The scariest room in a haunted house would be filled with people you haven’t seen since high school asking what you’ve been up to these days
My boys are gamers and I’m single
It’s like a race to see who can use the most batteries
Hey whatcha eating?
“A pluot”
Wtf is a pluot?
“A cross between a plum & an apricot”
That’s really stupid.
*rides off on a liger*
cat: i brought you this dead mouse
me: no thanks
cat: then please accept this barf
me: i will not
cat: am i displeasing you?
me: absolutely
cat: [eyes narrow] good
Yesterday my kid looked into my eyes and said “I love you so much daddy” then punched me in the face.
Tinder is a food delivery app if you’re good at it.
No, I’m not wearing lipgloss, I’ve just been eating salami.
Finally got the “Josh Duggar is good” neck tattoo I’ve wanted for years, now let me just read today’s news as I take a large sip of water…
If Disney has taught us anything it’s that if you tie enough balloons to your house, you will eventually find a dog.
I tried to kill a bug with febreeze but it didn’t work and now the room smells like lilac and fear.
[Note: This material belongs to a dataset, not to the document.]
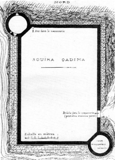 Souia_Qadima_Edmond_Doutte_1867_1926.

I’ll burn that bridge when I get there.
ceimr
thats “crime” but in alphabetical order
organized crime
The divorce rate is almost at 60%. How does Cupid keep his job with that level of failure?
Husband: Can I use your phone?
Me: *throwing phone in the ocean* My what?
My 6yo, sick enough to stay home yet well enough to be yelling C’MON BRO at his video game while I leave a message with the attendance office
Keep your friends zoned and your enemies zoneder
I just saw Angelina Jolie’s ex walking one of Santa’s reindeer down a nude beach. A topless Dancer & a bottomless Pitt.
Ha ha I’m so lonely
My dog is a firm believer in teamwork.
I stepped away to use the restroom for a minute and when I came back he had finished my nachos for me.